Met deze cmdlet worden de benodigde validaties uitgevoerd voor DS Move. Met deze cmdlet wordt een booleaanse waarde gegenereerd als alle validaties zijn geslaagd. Het is verplicht om deze cmdlet uit te voeren vóór de cmdlet Initialize-AzRecoveryServicesDSMove. Deze cmdlet is handig voor scenario's voor DS-verplaatsing tussen tenants.

Voorbeelden

Voorbeeld 1: DS Move initialiseren voor het kopiëren van andere abonnementen

Set-AzContext -SubscriptionName $targetSubscription
$validated = Test-AzRecoveryServicesDSMove -SourceVault $srcVault -TargetVault $trgVault -Force
Set-AzContext -SubscriptionName $sourceSubscription
if($validated) {
  $corr = Initialize-AzRecoveryServicesDSMove  -SourceVault $srcVault -TargetVault $trgVault
 }

Met de eerste cmdlet wordt de context van het doelabonnement ingesteld.
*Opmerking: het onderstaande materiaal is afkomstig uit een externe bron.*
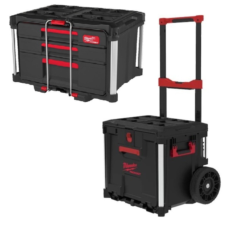 Milwaukee PACKOUT Trolley Box and 3 Drawer Toolbox Bundle Heavy Duty UK NEW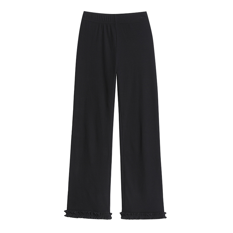 검정색 프릴 캐주얼 바지 여성 가을 겨울 털이 있고 두꺼운 작은 키 와이드 레그 팬츠 하이웨이스트 루즈핏 벽오동 바지

Met de tweede cmdlet worden enkele verplichte validaties voor de doelkluis geactiveerd. Met de derde cmdlet wordt de context van het bronabonnement ingesteld. Vervolgens halen we CorrelationId op basis van de cmdlet Test-AzRecoveryServicesDSMove-cmdlet CorrelationId op met behulp van de cmdlet Initialize-AzRecoveryServicesDSMove. $corr kan worden ingevoerd voor de cmdlet Kopiëren.

Parameters

-Confirm

Hiermee wordt u gevraagd om bevestiging voordat u de cmdlet uitvoert.

Type:SwitchParameter
Aliassen:cf
Position:Named
Default value:None
Vereist:False
Pijplijninvoer accepteren:False
Jokertekens accepteren:False

-DefaultProfile

De referenties, accounts, tenants en abonnementen die worden gebruikt voor communicatie met Azure.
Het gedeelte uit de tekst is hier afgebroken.